▸ **Data to examine**:
=== Section Start ===
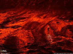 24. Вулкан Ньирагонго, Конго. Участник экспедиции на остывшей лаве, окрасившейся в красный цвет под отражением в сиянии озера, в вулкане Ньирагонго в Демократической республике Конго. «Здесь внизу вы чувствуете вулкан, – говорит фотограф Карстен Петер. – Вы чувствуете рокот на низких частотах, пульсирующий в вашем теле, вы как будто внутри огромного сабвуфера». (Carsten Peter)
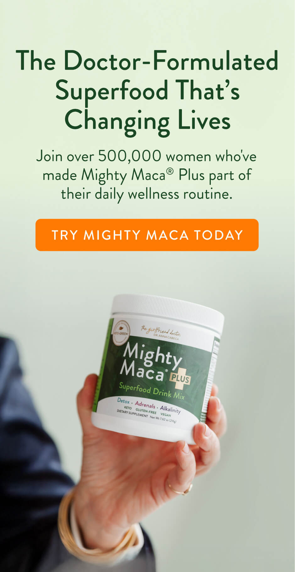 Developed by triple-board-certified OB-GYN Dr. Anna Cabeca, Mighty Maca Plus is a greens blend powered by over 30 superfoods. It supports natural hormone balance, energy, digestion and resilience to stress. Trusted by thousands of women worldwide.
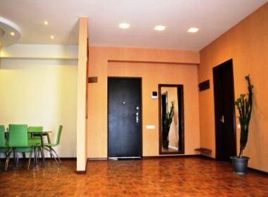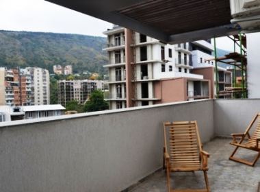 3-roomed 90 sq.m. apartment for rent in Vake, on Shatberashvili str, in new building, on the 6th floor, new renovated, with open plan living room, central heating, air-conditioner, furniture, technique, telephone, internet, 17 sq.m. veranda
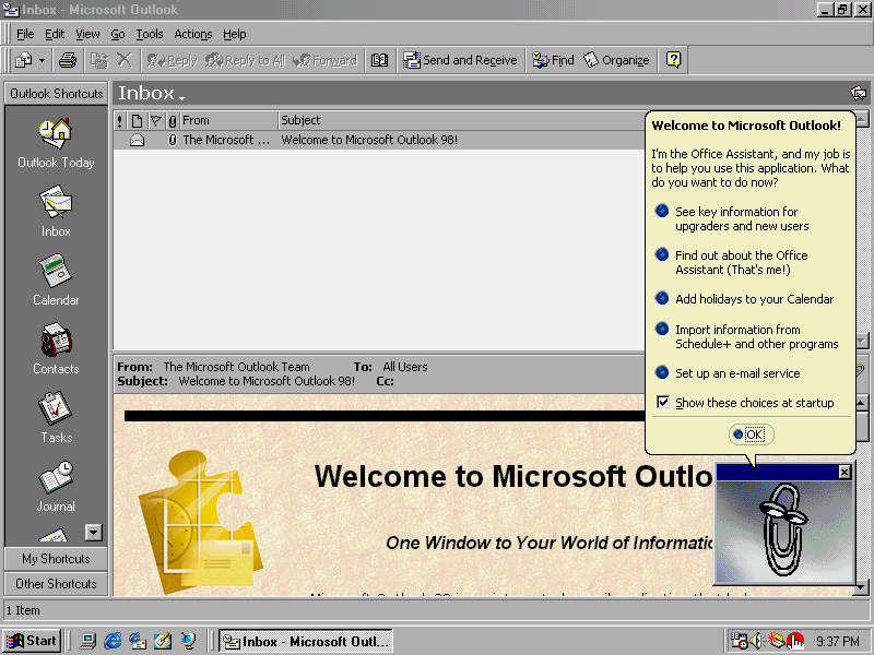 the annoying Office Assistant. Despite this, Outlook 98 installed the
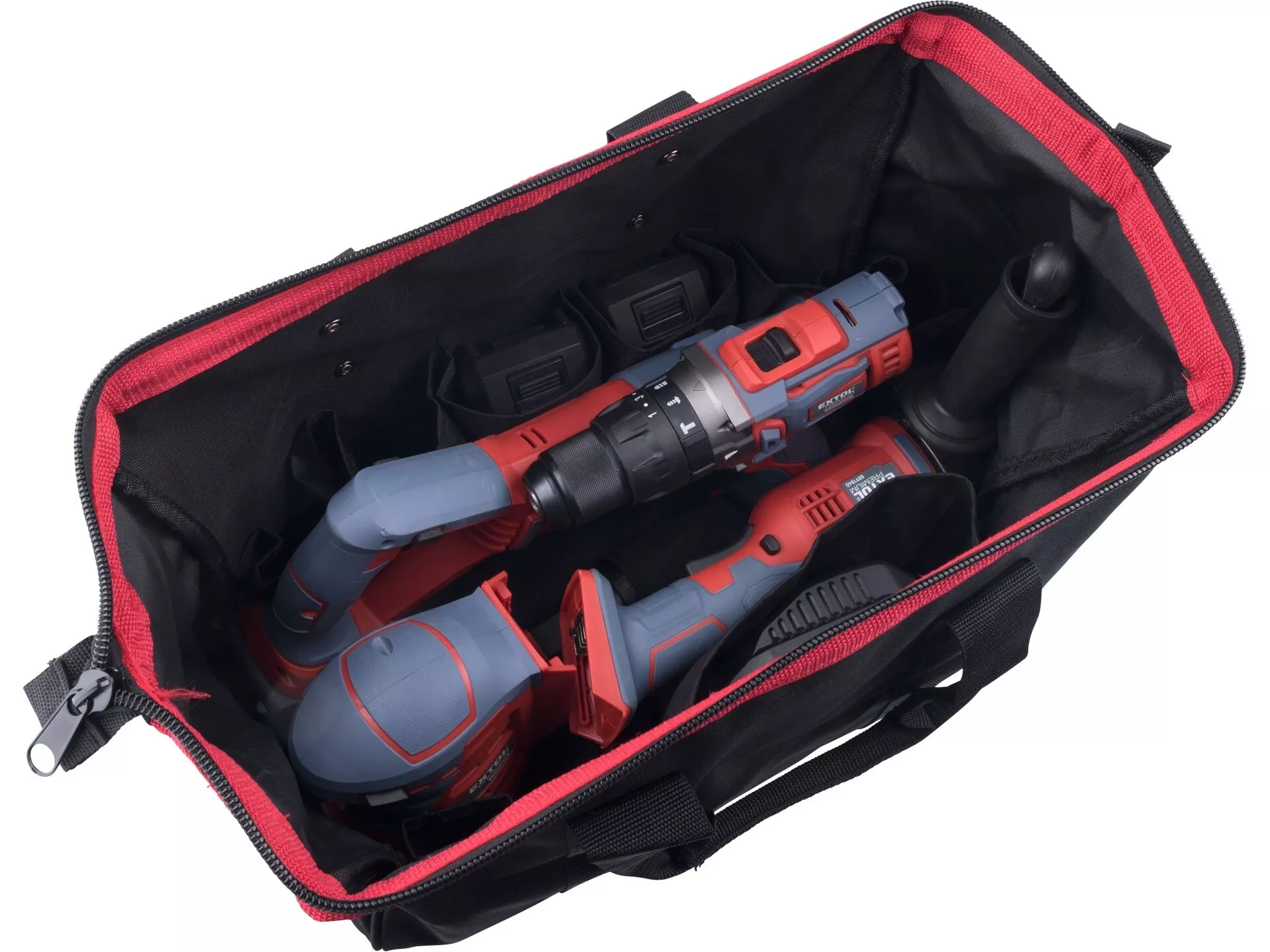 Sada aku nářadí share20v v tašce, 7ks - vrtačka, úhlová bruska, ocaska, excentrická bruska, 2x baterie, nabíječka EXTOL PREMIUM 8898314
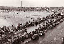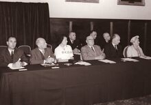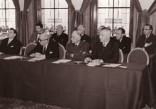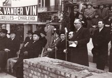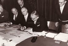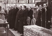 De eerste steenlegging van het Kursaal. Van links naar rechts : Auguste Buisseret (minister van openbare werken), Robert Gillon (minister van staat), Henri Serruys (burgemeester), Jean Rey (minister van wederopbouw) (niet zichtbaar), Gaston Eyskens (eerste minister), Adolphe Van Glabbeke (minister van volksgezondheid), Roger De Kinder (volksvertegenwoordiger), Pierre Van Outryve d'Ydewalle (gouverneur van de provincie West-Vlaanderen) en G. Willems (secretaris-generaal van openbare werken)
=== Section End ===
=== Section Start ===
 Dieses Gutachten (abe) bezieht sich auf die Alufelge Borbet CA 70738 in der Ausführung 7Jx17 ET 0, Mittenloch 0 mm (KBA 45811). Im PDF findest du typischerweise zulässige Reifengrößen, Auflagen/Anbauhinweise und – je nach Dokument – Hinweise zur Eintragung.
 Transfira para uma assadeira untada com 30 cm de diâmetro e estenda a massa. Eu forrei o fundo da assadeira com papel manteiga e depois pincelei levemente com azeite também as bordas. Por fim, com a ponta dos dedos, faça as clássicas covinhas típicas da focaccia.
=== Section End ===
=== Section Start ===
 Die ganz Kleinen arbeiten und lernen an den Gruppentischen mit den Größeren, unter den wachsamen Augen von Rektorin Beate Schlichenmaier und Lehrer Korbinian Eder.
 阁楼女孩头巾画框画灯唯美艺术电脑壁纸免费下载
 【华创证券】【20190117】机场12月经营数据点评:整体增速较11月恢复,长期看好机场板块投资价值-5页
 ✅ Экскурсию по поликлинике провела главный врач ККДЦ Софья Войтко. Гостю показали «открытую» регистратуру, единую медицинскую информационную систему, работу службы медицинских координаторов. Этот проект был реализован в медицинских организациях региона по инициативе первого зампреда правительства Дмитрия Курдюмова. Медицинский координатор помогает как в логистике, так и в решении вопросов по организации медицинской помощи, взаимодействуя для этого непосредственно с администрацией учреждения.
=== Section End ===
▸ **What the task asks**: With the pictures omitted, copy exactly the lines of the listing above starting at the line containing "Sada aku nářadí" and ending at the line containing "De eerste steenlegging", both included.

▸ **Result below**:
 Sada aku nářadí share20v v tašce, 7ks - vrtačka, úhlová bruska, ocaska, excentrická bruska, 2x baterie, nabíječka EXTOL PREMIUM 8898314
 De eerste steenlegging van het Kursaal. Van links naar rechts : Auguste Buisseret (minister van openbare werken), Robert Gillon (minister van staat), Henri Serruys (burgemeester), Jean Rey (minister van wederopbouw) (niet zichtbaar), Gaston Eyskens (eerste minister), Adolphe Van Glabbeke (minister van volksgezondheid), Roger De Kinder (volksvertegenwoordiger), Pierre Van Outryve d'Ydewalle (gouverneur van de provincie West-Vlaanderen) en G. Willems (secretaris-generaal van openbare werken)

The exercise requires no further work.